> _Work instructions_
With the images omitted, return all of the entries exactly as they stand.

> _Records_
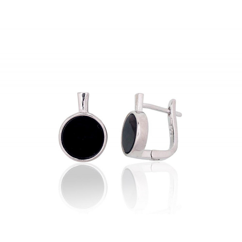Sidabriniai auskarai ant cilindrinės spynos 2204110(PRh-Gr)_ON, Sidabras 925°, rodis (padengti), Oniksas
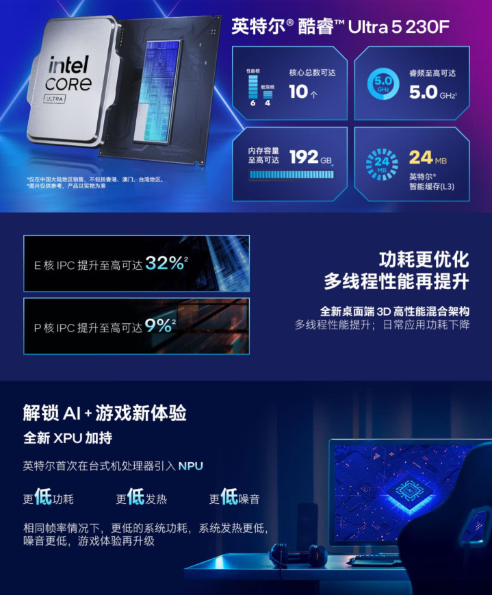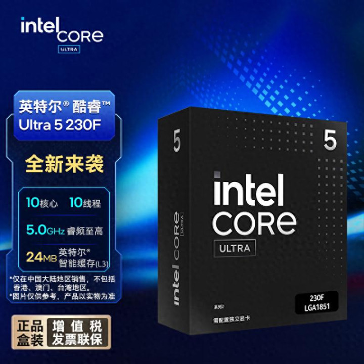 英特尔酷睿Ultra 5 230F基于新一代Arrow Lake-S架构和台积电N3B工艺打造,采用6个P核+4个E核,总计10核10线程,P核最大睿频可达到5GHz,E核最大睿频则是4.4GHz,三级缓存达到24MB,之所以没有超线程加持,是因为E核IPC提升已经足够大,最大睿频功耗仅121W,百元以内的散热器即可轻松压制。
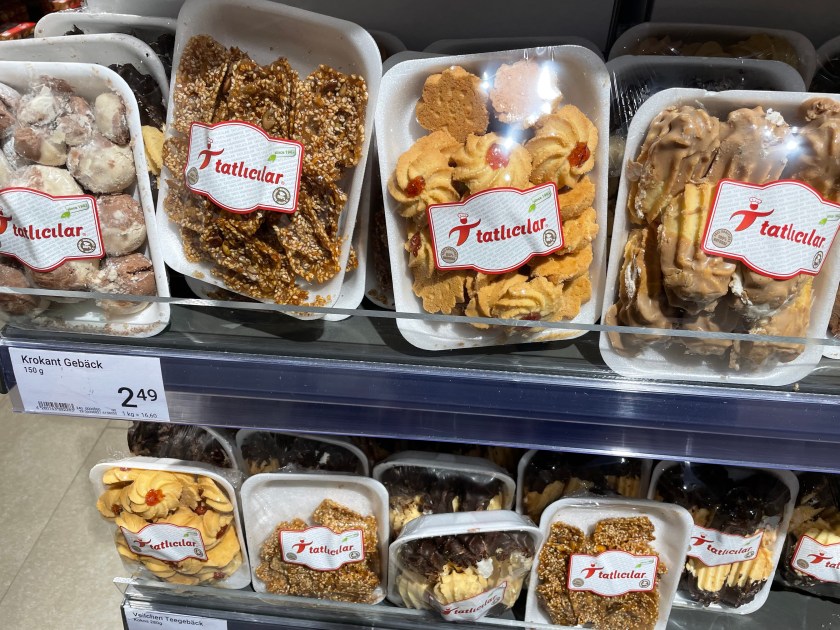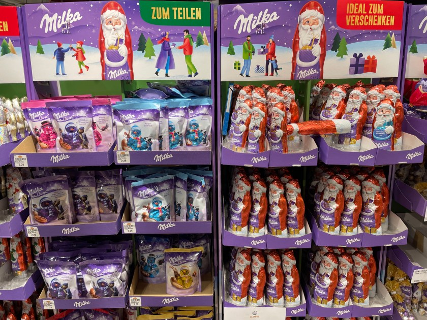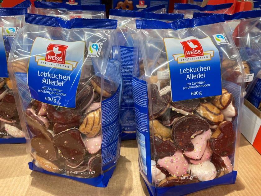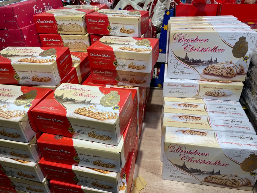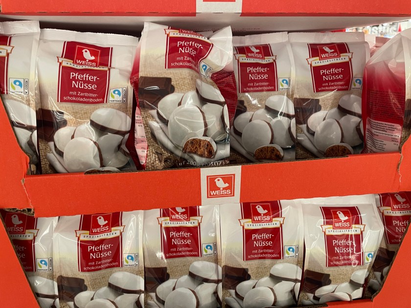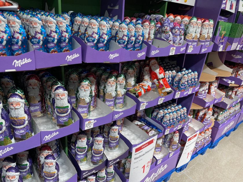 It’s a colorful time here in Germany. My favorite treat remains STOLEN (a Christmas bread with raisins, nuts and candied fruits). I’m just not a chocolate lover or candy eater, but it’s all fun to look at. This is what I’ll pick every single time:
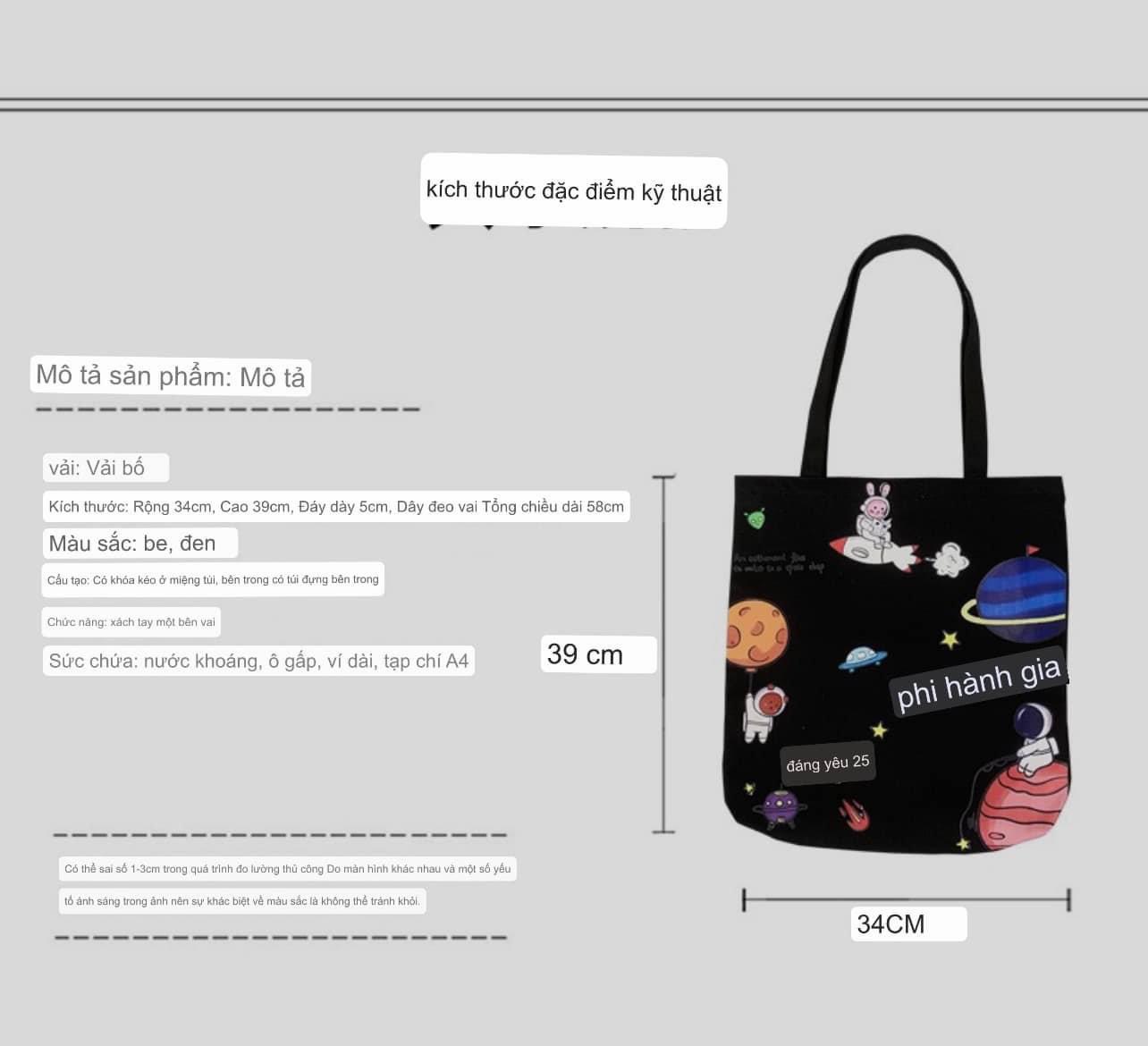 👉Kích thước : rộng 34cm×cao 39 cm, đáy 5cm. Dây đeo vai tổng chiều dài 58cm.
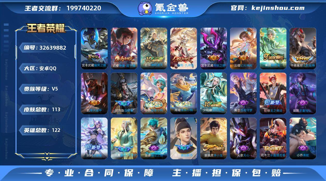 安卓QQ区】王者荣耀成品号诚心出 ✅ 账号基础:V5贵族 | 122/129英雄 | 113皮肤 | 全满铭文 | 1938场对战 ✅ 核心皮肤亮点: - 星传说:幽冥之眼(稀有星元品质) - 传说皮肤8款:云缨神骥·越千峰(马年限定)、后羿神树通天(10周年限定)、澜愿照·九州拓(蛇年限定)、云缨幻光神枪、桑启鸣野蒿(9周年限定)、铠绛天战甲、干将莫邪久胜战神(FMVP)、宫本武藏地狱之眼 - 限定皮肤:战令限定、活动专属、新春专属、源·梦系列等多款收藏级皮肤 ✅ 优势:全满铭文,无需攒碎片,买号即巅峰;英雄池深,适配各种阵容;安卓QQ区流通性强,换绑安全,找回包赔(可走平台担保) 价格可谈,诚心出售,骗子勿扰,

> _Written answer_
Sidabriniai auskarai ant cilindrinės spynos 2204110(PRh-Gr)_ON, Sidabras 925°, rodis (padengti), Oniksas
 英特尔酷睿Ultra 5 230F基于新一代Arrow Lake-S架构和台积电N3B工艺打造,采用6个P核+4个E核,总计10核10线程,P核最大睿频可达到5GHz,E核最大睿频则是4.4GHz,三级缓存达到24MB,之所以没有超线程加持,是因为E核IPC提升已经足够大,最大睿频功耗仅121W,百元以内的散热器即可轻松压制。
 It’s a colorful time here in Germany. My favorite treat remains STOLEN (a Christmas bread with raisins, nuts and candied fruits). I’m just not a chocolate lover or candy eater, but it’s all fun to look at. This is what I’ll pick every single time:
 👉Kích thước : rộng 34cm×cao 39 cm, đáy 5cm. Dây đeo vai tổng chiều dài 58cm.
 安卓QQ区】王者荣耀成品号诚心出 ✅ 账号基础:V5贵族 | 122/129英雄 | 113皮肤 | 全满铭文 | 1938场对战 ✅ 核心皮肤亮点: - 星传说:幽冥之眼(稀有星元品质) - 传说皮肤8款:云缨神骥·越千峰(马年限定)、后羿神树通天(10周年限定)、澜愿照·九州拓(蛇年限定)、云缨幻光神枪、桑启鸣野蒿(9周年限定)、铠绛天战甲、干将莫邪久胜战神(FMVP)、宫本武藏地狱之眼 - 限定皮肤:战令限定、活动专属、新春专属、源·梦系列等多款收藏级皮肤 ✅ 优势:全满铭文,无需攒碎片,买号即巅峰;英雄池深,适配各种阵容;安卓QQ区流通性强,换绑安全,找回包赔(可走平台担保) 价格可谈,诚心出售,骗子勿扰,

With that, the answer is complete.